▶ _EXERCISE DETAILS_
Return the full listing character for character, without its pictures.

▶ _GIVEN INFORMATION_
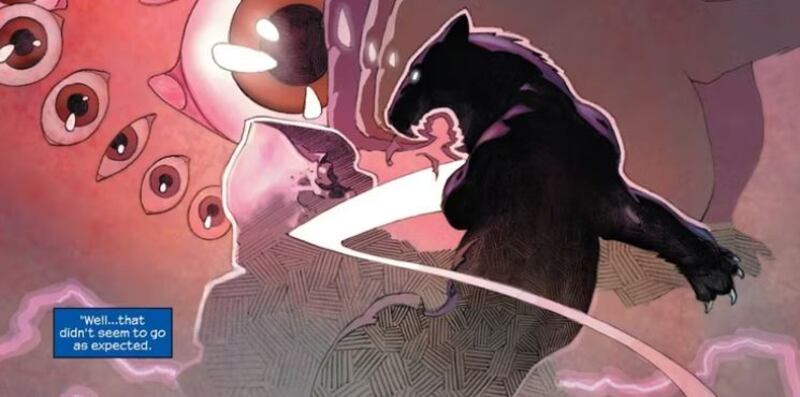 En el punto máximo del combate, T’Challa se convirtió en una pantera gigante, como Bast cuando se comunica con sus fieles en Wakanda. Allí asestó un golpe brutal a Doom, aunque finalmente terminaría perdiendo la batalla.
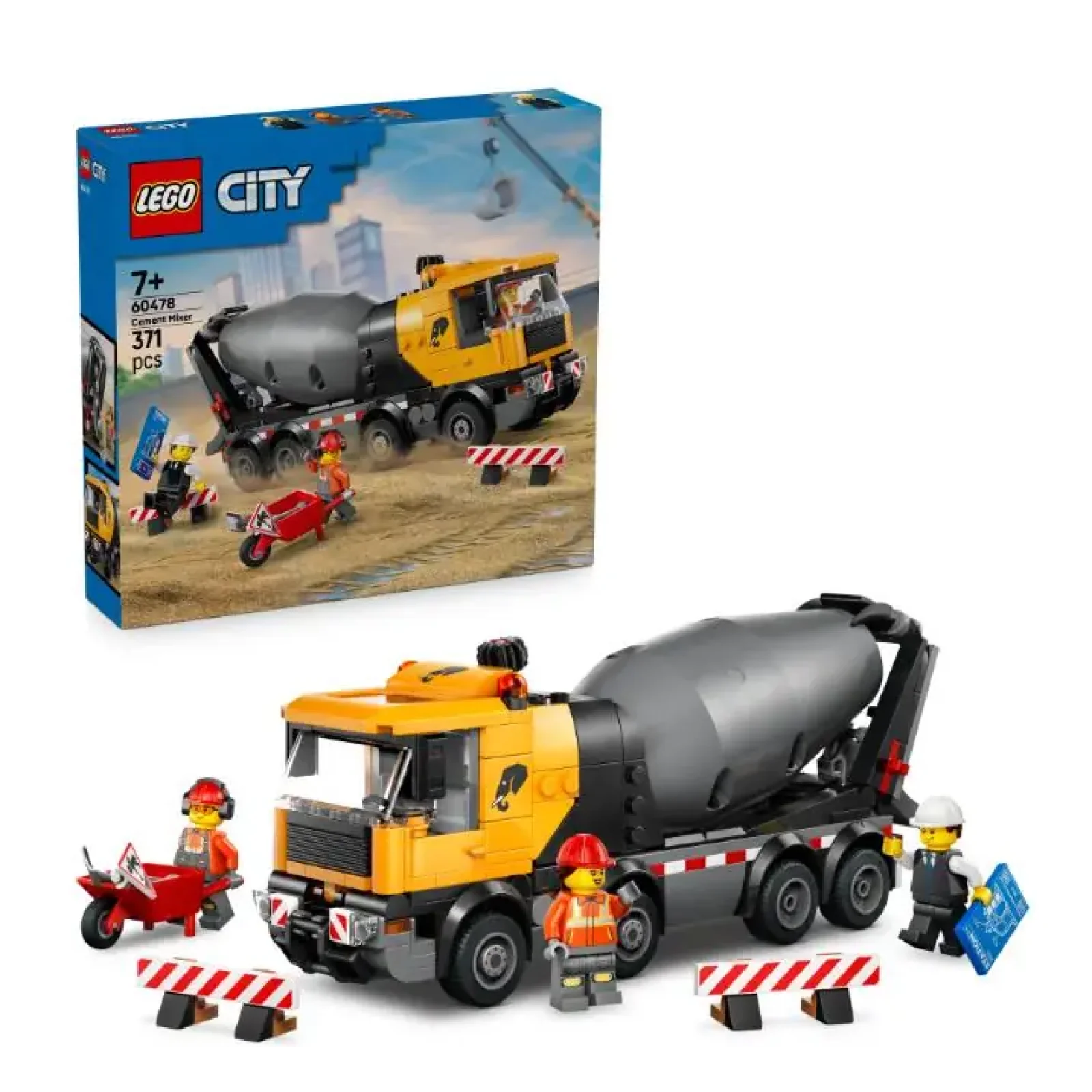 Любителям будівельних іграшок сподобається набір для складання моделі LEGO® City Бетонозмішувач (60478) для дітей від 7 років. Цей детальний бетонозмішувач на 8 гумових колесах має великий барабан із гвинтовою системою Архімеда. Діти можуть повертати ручку, щоб змішувати й виливати цемент LEGO через регульований жолоб, як при виливанні справжнього цементу. Ця велика іграшкова вантажівка також має кабіну водія, яка нахиляється, щоб забезпечити доступ до двигуна. Серед аксесуарів: тачка, дорожній знак і 2 бар'єри, а також мініфігурки водія, будівельника та архітектора для творчої гри. Ця дитяча модель будівельної вантажівки LEGO City стане чудовим подарунком до дня народження або свята для 7-річних хлопчиків і дівчаток, які люблять будівельну техніку. Додайте цей набір до інших із серії LEGO City (продаються окремо), щоб розіграти ще більше пригод. Діти можуть насолоджуватися інтуїтивним будівництвом цього іграшкового набору транспортних засобів у додатку LEGO Builder, збільшуючи та обертаючи моделі за допомогою 3D-інструкцій, а також зберігаючи та відстежуючи прогрес. Набір містить 371 деталь.
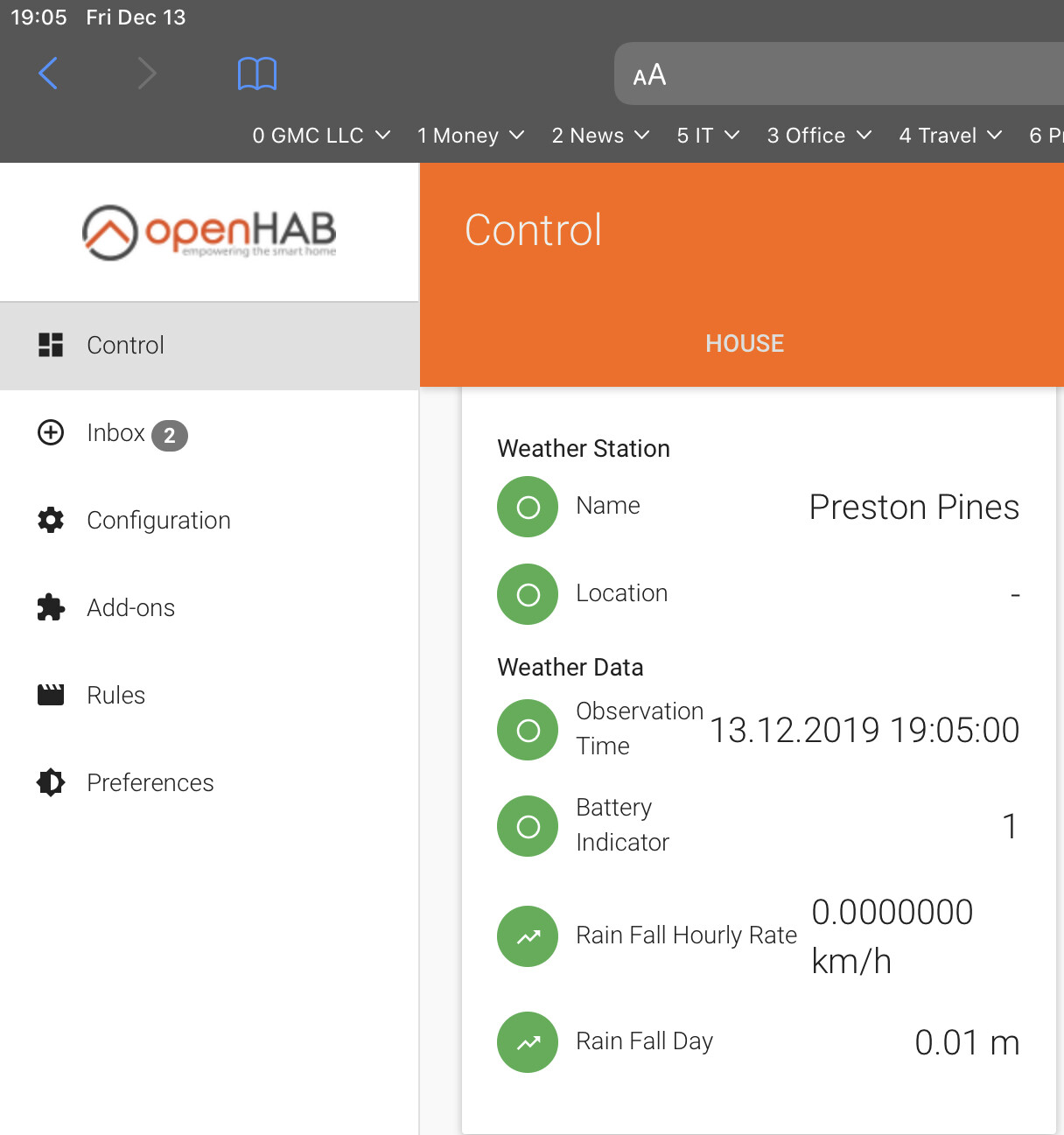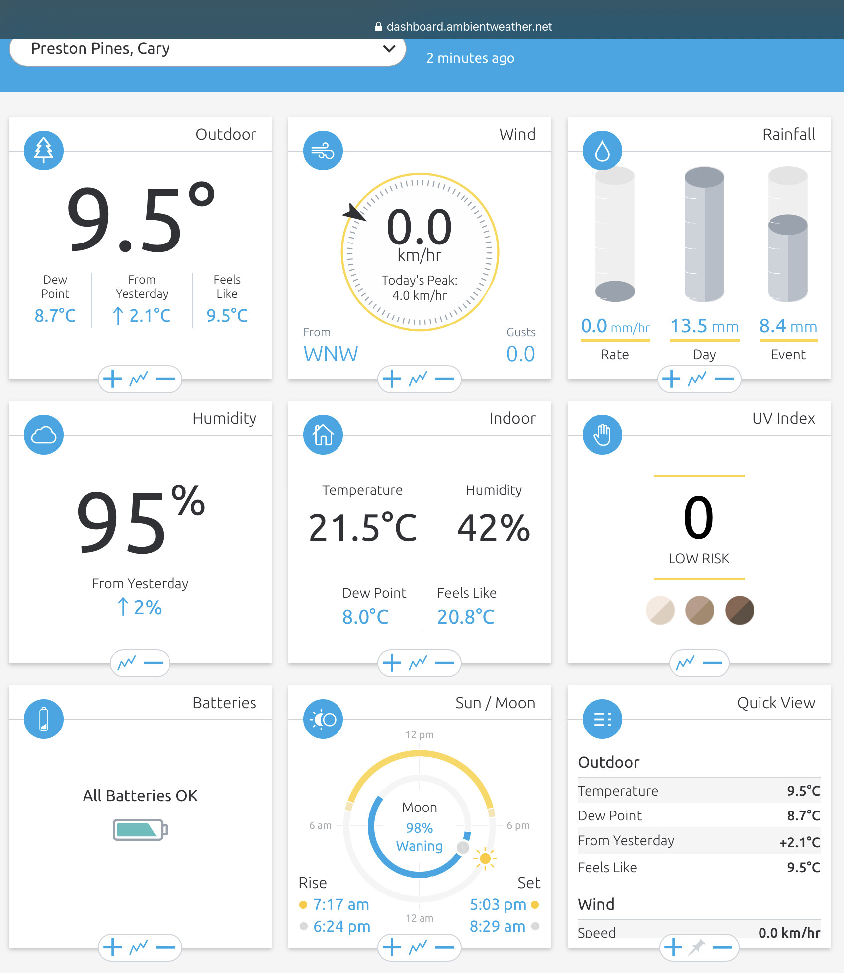 The values in the Ambient Weather dashboard:
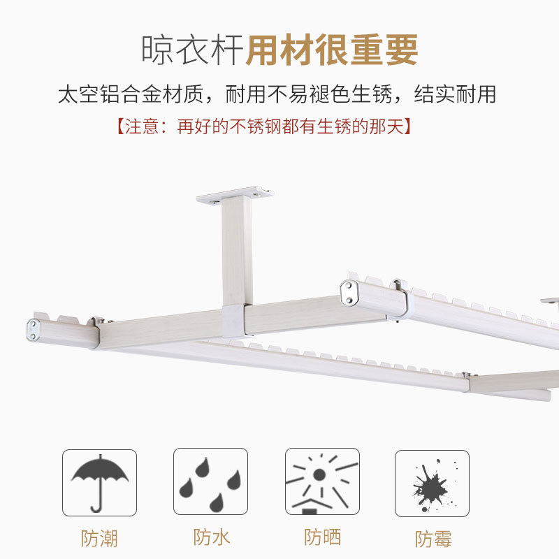 Clothes rod fixed aluminum alloy hanger single pole top mounted household balcony ceiling hanging clothes pole double pole clothes drying Rod
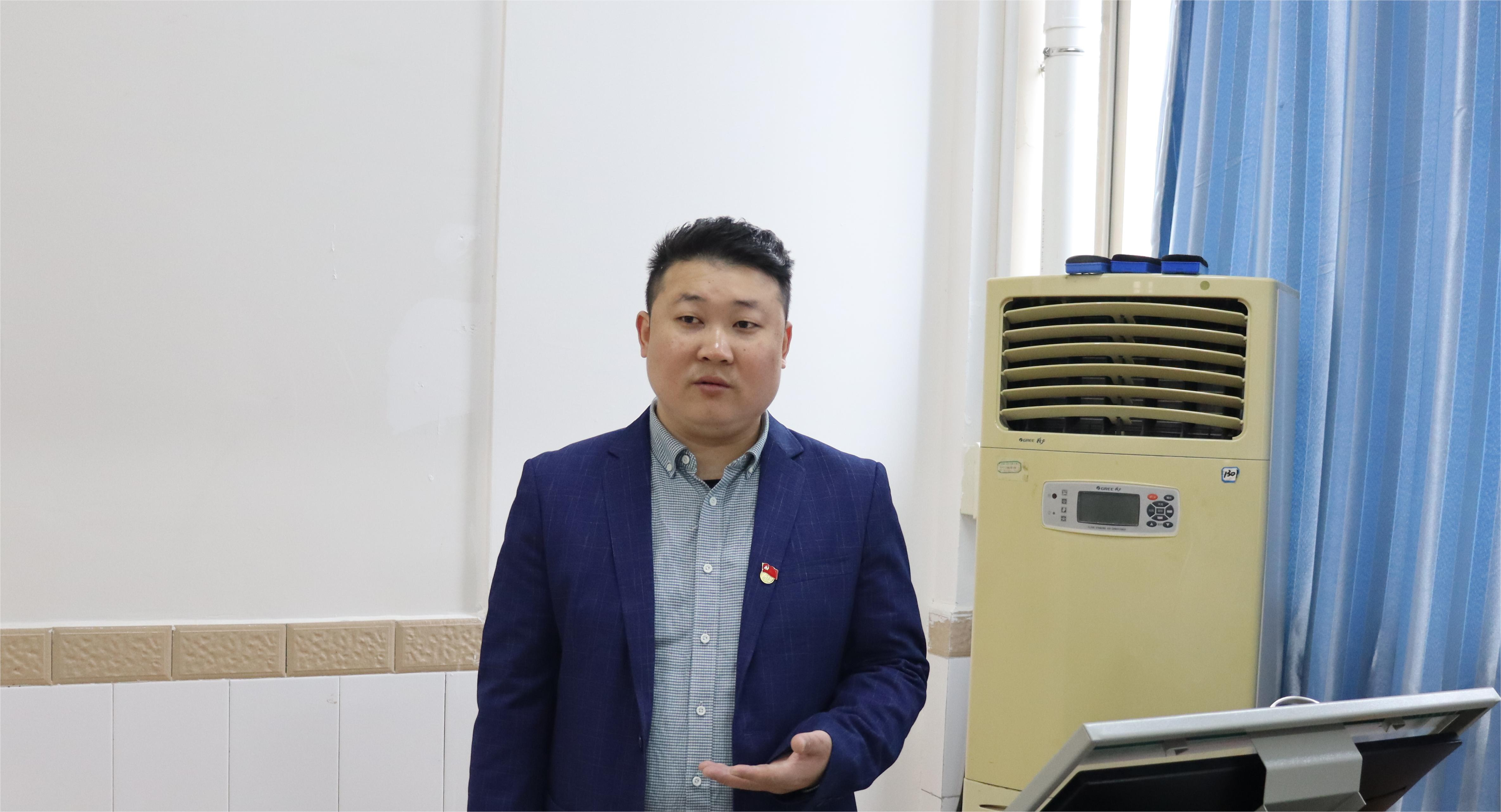 图为 鲁明新为入党积极分子讲课
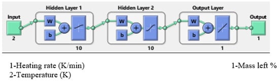 Bi et al. [10] investigated the co-combustion co-pyrolysis of sewage sludge and peanut shell by ANN model. Bong et al. [11] applied the ANN model for the catalytic pyrolysis of pure microalgae, peanut shell wastes, and their binary mixtures with the microalgae ash as a catalyst. In addition, Bi et al. [12] repeated the study for the co-pyrolysis of coal gangue and peanut shell. In both papers, they found there was consistency between the experimental and the ANN model results. Liew et al. [13] predicted the co-pyrolysis of corn cob and high-density polyethylene (HDPE) mixtures, with chicken and duck egg shells as catalysts. Zaker et al. [14] investigated the effects of two catalysis (HZSM5 and sludge-derived activated char) on the pyrolysis of sewage sludge. Dubdub and Al-Yaari [15,16] and Al-Yaari and Dubdub [17,18] tried to use the ANN to predict the performance for different samples. They used a feed-forward LM optimization technique for backpropagation process in the ANN model, in two hidden layers. In the first paper, they applied two input variables, temperature and heating rate, and one output variable, weight left %, while in the second paper, catalyst/polymer weight ratio was added as third input.
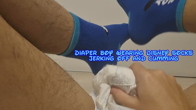 Diaper Man Wearing Disney Socks Jerking Off And Cumming

▶ _ANSWER TO THIS PROBLEM_
 En el punto máximo del combate, T’Challa se convirtió en una pantera gigante, como Bast cuando se comunica con sus fieles en Wakanda. Allí asestó un golpe brutal a Doom, aunque finalmente terminaría perdiendo la batalla.
 Любителям будівельних іграшок сподобається набір для складання моделі LEGO® City Бетонозмішувач (60478) для дітей від 7 років. Цей детальний бетонозмішувач на 8 гумових колесах має великий барабан із гвинтовою системою Архімеда. Діти можуть повертати ручку, щоб змішувати й виливати цемент LEGO через регульований жолоб, як при виливанні справжнього цементу. Ця велика іграшкова вантажівка також має кабіну водія, яка нахиляється, щоб забезпечити доступ до двигуна. Серед аксесуарів: тачка, дорожній знак і 2 бар'єри, а також мініфігурки водія, будівельника та архітектора для творчої гри. Ця дитяча модель будівельної вантажівки LEGO City стане чудовим подарунком до дня народження або свята для 7-річних хлопчиків і дівчаток, які люблять будівельну техніку. Додайте цей набір до інших із серії LEGO City (продаються окремо), щоб розіграти ще більше пригод. Діти можуть насолоджуватися інтуїтивним будівництвом цього іграшкового набору транспортних засобів у додатку LEGO Builder, збільшуючи та обертаючи моделі за допомогою 3D-інструкцій, а також зберігаючи та відстежуючи прогрес. Набір містить 371 деталь.
 The values in the Ambient Weather dashboard:
 Clothes rod fixed aluminum alloy hanger single pole top mounted household balcony ceiling hanging clothes pole double pole clothes drying Rod
 图为 鲁明新为入党积极分子讲课
 Bi et al. [10] investigated the co-combustion co-pyrolysis of sewage sludge and peanut shell by ANN model. Bong et al. [11] applied the ANN model for the catalytic pyrolysis of pure microalgae, peanut shell wastes, and their binary mixtures with the microalgae ash as a catalyst. In addition, Bi et al. [12] repeated the study for the co-pyrolysis of coal gangue and peanut shell. In both papers, they found there was consistency between the experimental and the ANN model results. Liew et al. [13] predicted the co-pyrolysis of corn cob and high-density polyethylene (HDPE) mixtures, with chicken and duck egg shells as catalysts. Zaker et al. [14] investigated the effects of two catalysis (HZSM5 and sludge-derived activated char) on the pyrolysis of sewage sludge. Dubdub and Al-Yaari [15,16] and Al-Yaari and Dubdub [17,18] tried to use the ANN to predict the performance for different samples. They used a feed-forward LM optimization technique for backpropagation process in the ANN model, in two hidden layers. In the first paper, they applied two input variables, temperature and heating rate, and one output variable, weight left %, while in the second paper, catalyst/polymer weight ratio was added as third input.
 Diaper Man Wearing Disney Socks Jerking Off And Cumming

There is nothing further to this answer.